Nein, deine Puppe willst du nicht!

Peter, tausch doch die Glühbirne im Bad aus!“ Klingt  nach einer harmlosen Bitte, verändert in Summe aber das Verhalten von Kindern nachhaltig. SoziologInnen wissen: Was Eltern daheim vorleben, prägt die Rolle des Nachwuchses. Wie stark sich der rein körperliche Unterschied zwischen den Geschlechtern auswirkt, darüber herrscht unter den WissenschafterInnen Uneinigkeit. Moderne GenderforscherInnen sehen das Geschlecht als Bandbreite. Faktoren zur Geschlechtsbestimmung wie Hormonspiegel, Chromosomenanordnung, Brüste oder Bartwuchs können unterschiedlich stark ausgeprägt sein und lassen Zwischenstufen zu.

Geschlecht ist erlernt

Geht man also davon aus, dass typisches Geschlechterverhalten erlernt ist, wirft das ein neues Licht auf rosa Schultaschen und Weltraumbaukästen.
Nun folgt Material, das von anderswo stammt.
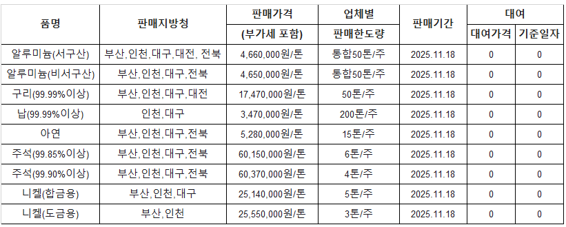 - ■ [표] 조달청 방출 가격(11월 12일)
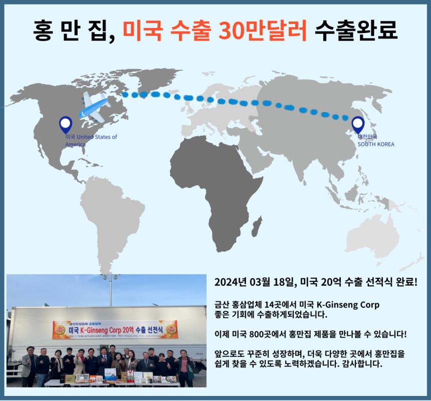 천년홍삼, 30만달러 수출 완료 (2024년03월18일)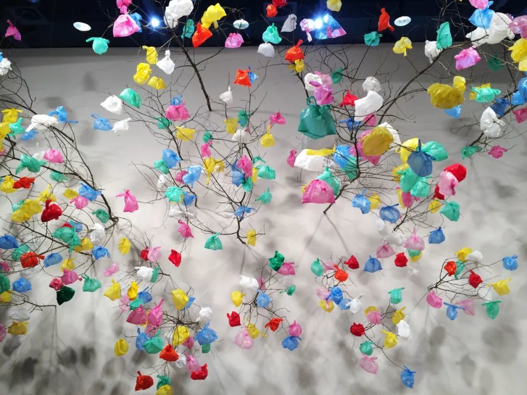 帕斯萨尔·马凡内·泰欧的《蜂巢》和《塑料树》将千万只迅速可能成为垃圾的彩色塑料袋回收品塑造成密集的自然仿生物,塑料袋已经成为全球化和消费主义日益增长的象征,同时也成为某种移动的、无家可归的象征,它们无可阻挡地变成人类世界中最重要的社会景观与生态。

Schon als Kleinkind lernt der weibliche Nachwuchs, dass Kleider mit Blumen hübsch sind, Puppenspiele Spaß machen und Bücher etwas für brave Mädchen sind. Buben hingegen merken, dass sie lauter sein dürfen als die Mädels, sie fürs Burgenbauen Lob bekommen und dass das kleine Spielzeugauto fast so schön ist wie Papas. Und da kommt auch schon die Vorbildwirkung der Eltern ins Spiel. Es hat nämlich keinen Sinn, der Tochter die Puppenküche zu verbieten, wenn sie Mami jeden Tag am Herd sieht. Und Junior wird schwerlich seine Mini-Autobahn hergeben, wenn Papa am Sonntag Autorennen ansieht. Politologin Mag.a Bärbel Traunsteiner von Efeu (Verein zur Erarbeitung feministischer Erziehungs- und Unterrichtsmodelle) rät: „Eltern sollten Vorbilder sein und ihre Verhaltensmuster überdenken. Das beginnt damit, dass Mama selbstverständlich Nägel einschlägt und Papa regelmäßig die Wäsche aufhängt oder einkaufen geht.“ Außerdem rät sie beim Medienkonsum zu mehr Aufmerksamkeit. „Sprechen Sie es an, wenn Frauen bei Casting-Shows auf ihr Äußeres reduziert werden oder Bruce Willis im Alleingang die Welt rettet.“ Positive Vorbilder, geschlechtsneutrales Spielzeug und anschauliche Bücher sind Mittel, um die Frau als Ingenieurin oder den Mann als Kindergärtner „normal“ werden zu lassen.

Weniger Geld und Möglichkeiten

Aber warum ist es schlecht, wenn Frauen Krankenschwester oder Hausfrau und Männer Lokomotivführer werden? Frauen verdienen in für sie „typischen“ Jobs weniger, leisten mehr unbezahlte Reproduktionsarbeit und haben weniger Entfaltungmöglichkeiten. Skandinavische Länder sind uns in puncto Gleichberechtigung einen großen Schritt voraus. In Schweden gehen mehr als 50 Prozent der Väter in Karenz, in Island 80 Prozent. In Österreich sind nur rund fünf Prozent der Kindergeld- BezieherInnen männlich – in Wien immerhin mehr als neun Prozent. Nur wenn sich diese Aufteilung ändert, lernen Kinder, dass Mama und Papa gemeinsam sowohl für die materielle als auch für die soziale Versorgung der Familie zuständig sind, und verfallen nicht in klassische Rollenklischees, die sie in ihrer Entwicklung hemmen.